JSON_PARSE() error: String value exceeds the max size of 65535 bytes: (119205 bytes skipped) ":null}}}}]","collection (136 bytes skipped)                                                                                                                                                                                                                                                                                                                                                                                       
ingo-m commented 1 year ago

@FredericoCoelhoNunes also have a look at this: https://github.com/airbytehq/airbyte/issues/16412

This is an old issue and so far there's no indication that it will be resolved. Personally, I would recommend not to use airbyte if you're working with a redshift destination. There are workarounds, but if you don't have control over your source data, you're probably out of luck; you will have unexpected and unpredictable errors. Connections that work at first can break when new data exceeding the character limit is added to the source.

Auric-Manteo commented 1 year ago

@FredericoCoelhoNunes With the new version of Airbyte you can at least filter out columns that are too long before they get sent to Redshift. So if you don't need all columns that would probably be the best solution. The other solution is to maintain your own dbt normalization which is very tedious.

FredericoCoelhoNunes commented 1 year ago

@Auric-Manteo @ingo-m Thanks for sharing your experience! I need to first figure out which is the problem column, as I was not able to discover it in the logs; but it's possible that we might be able to cut it from the replication.

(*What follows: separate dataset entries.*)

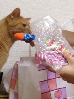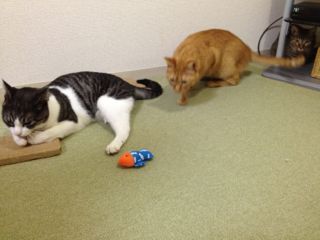 ふくちゃんはお肉好き、ゆでたお肉をおいしそうに食べます。はっちゃんは野菜好き、レタスの葉の柔らかいところをむしゃむしゃ。芯の固いところは食べないんだって。おいしいところをよく知っています(笑) 3匹それぞれにお魚のおもちゃをプレゼントしました。特にゆうきちゃんが一番気に入ってくれたようで、なかなか手放してくれなかったよ。ふくちゃんも興味津々だったけれど、妹のゆうきちゃんにおもちゃを譲っていました。さすがお兄ちゃん、偉いな〜。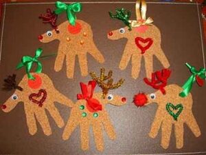 El material que aquí se muestra es una plancha de corcho fino, pero puede también hacerse con cartulina de color marrón. Unos ojitos móviles, algún lazo de color llamativo, unas lentejuelas, y un poco de limpia pipas brillante, y podéis confeccionar con los pequeños estos estupendos motivos navideños para colgar en el árbol.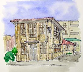 諏訪の市街地は初めての訪問でしたが、これほどまでにすばらしい建築物が残されていることに驚きと嬉しさがこみ上げてきました。とても一日や二日で歩ききれる物でもなくできれば一週間くらい滞在してスケッチして回りたいと思いました。スケッチをしている見ず知らずの私に優しい言葉と冷えた缶ビールをくださったお孫さん連れのおじいちゃん。大変ごちそうさまでした。また描きに行くので宜しくお願いします。今度は温泉もゆっくりと入りたいな。【M.A】 |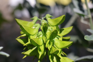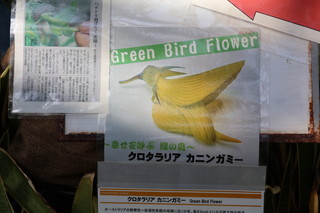 温室に入るなり、メガネが曇る、亜熱帯の空気に包まれています。 この日の見所には「Green Bird Flower」という、鳥に似た花を付ける株が紹介されていました。 確かに似ていますね。 |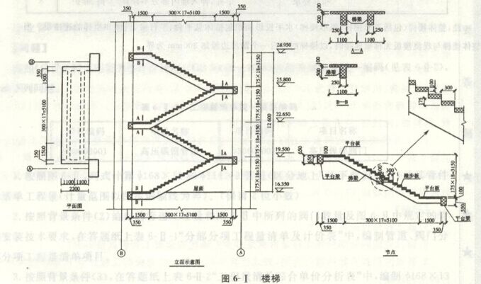 Ⅰ.土建工程某专业设施运行控制楼的一端上部设有一室外楼梯。楼梯主要结构由现浇钢筋混凝土平台梁、平台板、梯梁和踏步板组成,其他部位不考虑。局部结构布置,如图6-1所示,每个楼梯段梯梁侧面的垂直投影面积(包括平台板下部)可按5.01m2计算。现浇混凝土强度等级均为C30,采用5~20mm粒径的碎石、中粗砂和42.5的硅酸盐水泥拌制。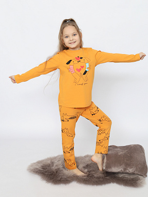 Комбинированная пижама из джемпера и брюк. Джемпер гладкокрашенный, свободного покроя с длинным рукавом. Горловина обработана притачной бейкой из рибаны с лайкрой. Перед оформлен принтом. Прямые брюки умеренного объёма выполнены из набивного полотна. Цельнокроенный пояс обработан плоским швом вподгибку с одновременным прокладыванием резинки.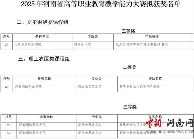 中新河南網(wǎng)7月24日電(文/陳賀) 近日,河南省教育廳公布 2025 年河南省高等職業(yè)教育教學(xué)能力大賽擬獲獎名單。河南測繪職業(yè)學(xué)院報送的4個參賽作品均斬獲佳績,喜得二等獎1項、三等獎3項,在該項賽事中實現(xiàn)新的突破。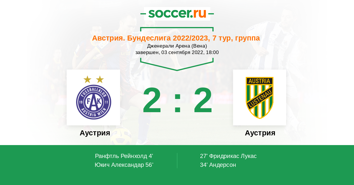 Протокол матча Аустрия В против Аустрия Л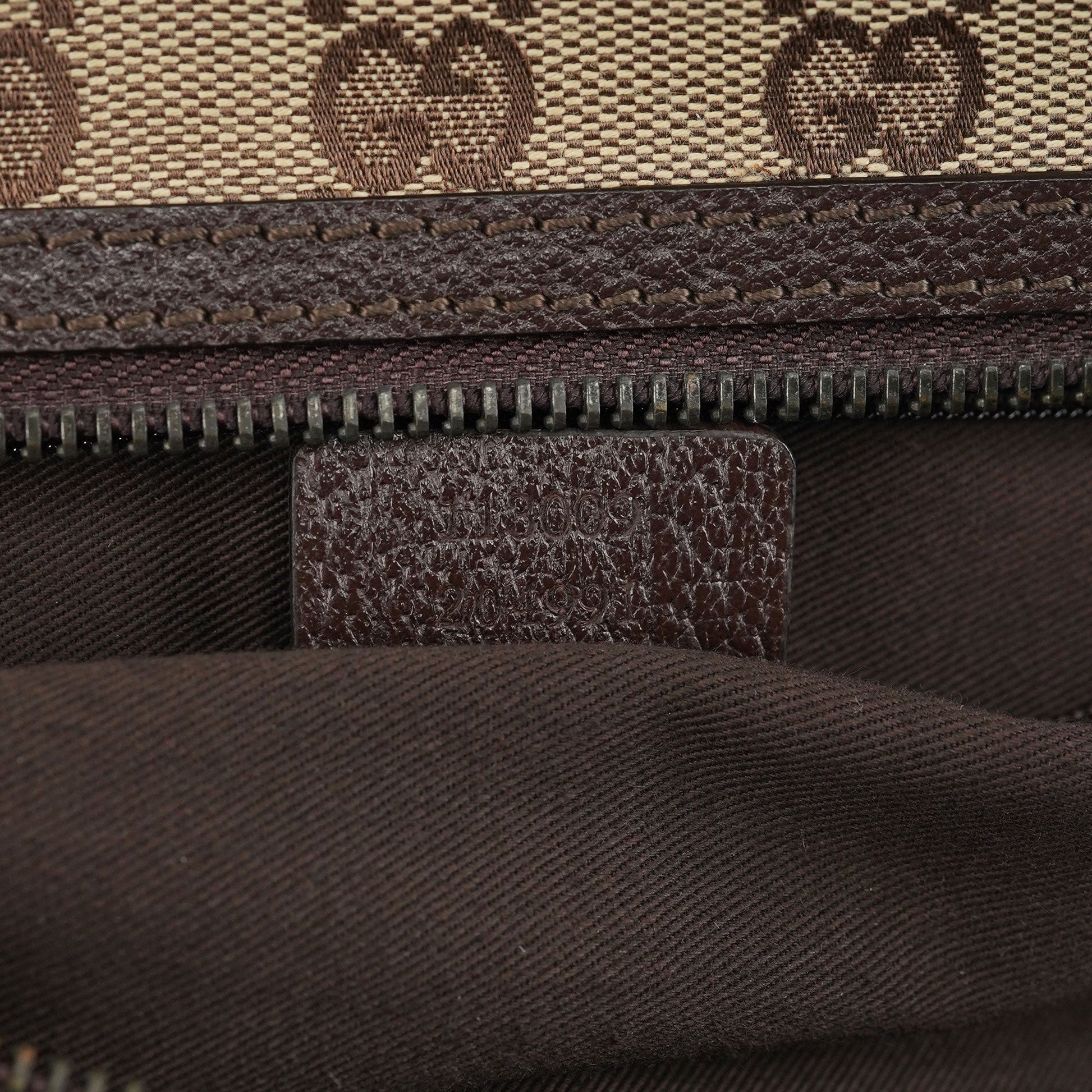 Designed by Tom Ford in the late 1990s, this Gucci GG monogram tote bag is handcrafted from beige GG monogram canvas with brown calfskin leather trim. It features silver-tone hardware, a secure zipper closure, and a cotton-lined interior with an interior zipper pocket, blending timeless elegance with practicality.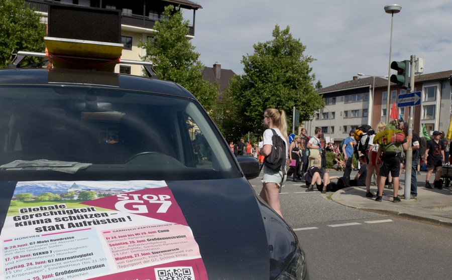 People take part in a protest in Garmisch-Partenkirchen, Germany, June 26, 2022. (Xinhua/Guo Chen)
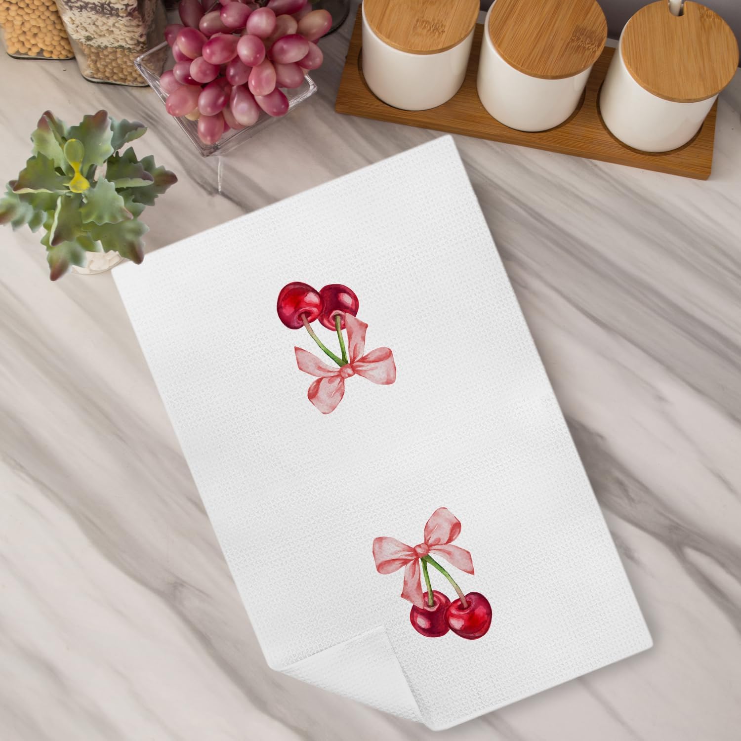 Pink Bow Cherry Coquette Kitchen Towels, Pink Preppy Hand Towels for Bathroom, Preppy Coquette Bathroom Decor, Cherry Kitchen Decor, Pink Bow Dish Towels Tea Towels for Kitchen, 16x24 Inches

rohaldb commented 12 months ago

Having the same issue with shopyify - going to use fivetran until this is fixed

evantahler commented 9 months ago

This will be handled soon by https://github.com/airbytehq/airbyte/issues/28541

edgao commented 9 months ago

and for those of you who were having issues with a concat result being too long, rather than any single column value being too long - try out redshift dv2! It rewrites normalization to avoid the concat entirely.

meyerovb commented 8 months ago

@edgao @evantahler will #28541 fix the issue that a specific super field can not exceed 65k characters? im having issues in klaviyo email templates (html template string is over 65k characters)

edgao commented 8 months ago

@meyerovb yep! that's the exact problem it's solving.

meyerovb commented 8 months ago

@meyerovb yep! that's the exact problem it's solving.

Super… eta? I had to make a lambda job for now that reprocesses the s3 target files before I read it in spectrum.

edgao commented 8 months ago

no exact eta as yet, but we're actively working on it - most likely next couple months. There are a couple dependent things we need to build first (destination-side state management for better migrations, airbyte_meta in raw tables for raw data lineage / error tracking)